El reportaje completo apareció, en agosto de aquel año, en el semanario mercedino
Protagonistas,
pero yo estoy lejos como para consultar esa fuente y compartir aquí otros pasajes. Narro estos fragmentos porque los tengo grabados en la memoria, igual que aquella época irrepetible en la que vi, por única vez en la vida, a todo un pueblo llorar en las calles y en los bares por culpa del resultado de un
dopping.

Seis años después decidí hacer otro viaje. Uno más largo, intercontinental, definitivo. Un viaje que me llevaría, quizás, al amor final y a la construcción de una familia. La tarde del quince de julio le dije a Cristina que me iría con ella a vivir a Barcelona. Ni ella ni yo sospechábamos que, no mucho más tarde, la aparición de Nina iba a convertirnos en las personas más felices del mundo. Pero hubo una señal aquel día.
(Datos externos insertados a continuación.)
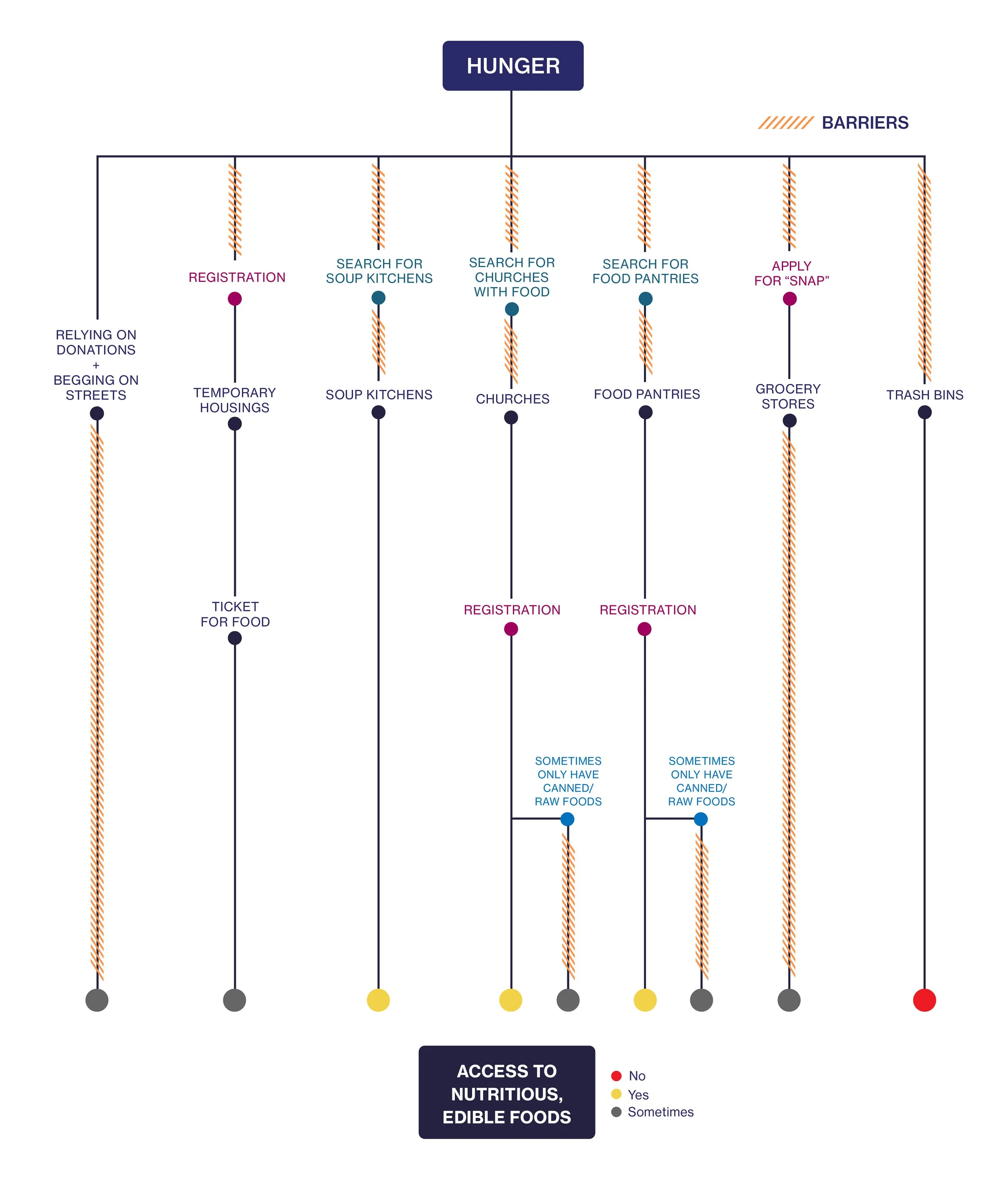 We mapped out their typical journeys to obtain food and discovered there were several. However, we learned that there are also many barriers and challenges existing in these avenues.
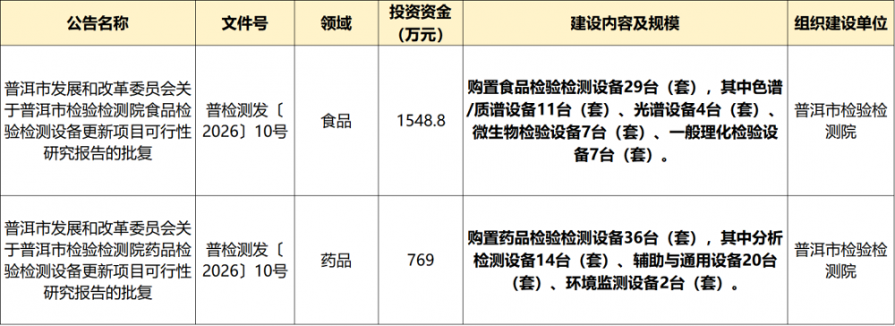 預算超2317萬元,普洱市擬更新65臺(套)檢驗檢
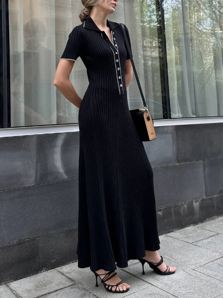 Efenbei Summer Elegant Women’s Knitted Dresses Fashion Black Short Sleeve Maxi Dress Lapel High Waist Slim Dress 2025 Woman Clothes
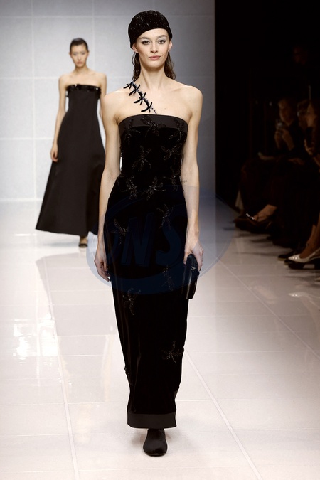 Défilé Giorgio Armani mode femme automne / hiver 2024-2025 lors de la Fashion Week de Milan (MFW), à Milan, Italie, le 25 février 2024. Giorgio Armani fashion show during the Milan Fashion Week Womenswear Fall/Winter 2024-2025 on February 25, 2024 in Milan, Italy.
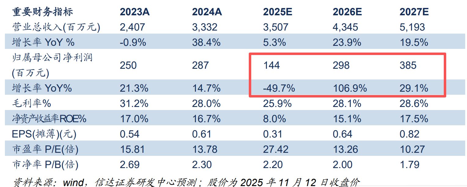姜文镪预计公司2025-2027年公司收入分别为35.01/43.45/51.93亿元(同比分别+5.3%、+23.9%+19.5%),归母净利润分别为1.4、3.0、3.9亿元,对应PE分别为27.4X、13.3X、10.3X。
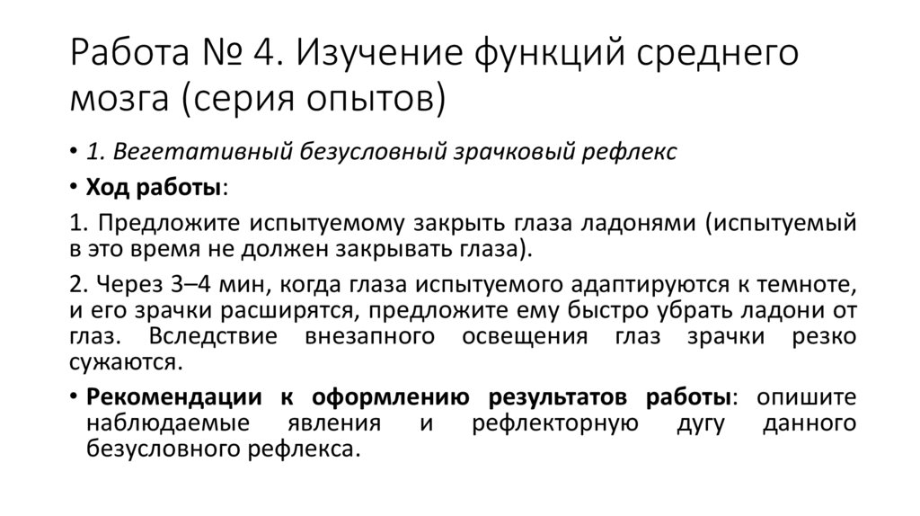 Работа № 4. Изучение функций среднегомозга (серия опытов)

La tarde del quince de julio del año dos mil, mientras yo hacía mis nuevos planes, el único escritor que había logrado vivir tres siglos, un hombre sereno como las canciones lentas, murió mientras dormía la siesta, a punto de cumplir ciento seis años. Entre mi visita y su muerte, él había escrito tres novelas más, todas con títulos de siete letras.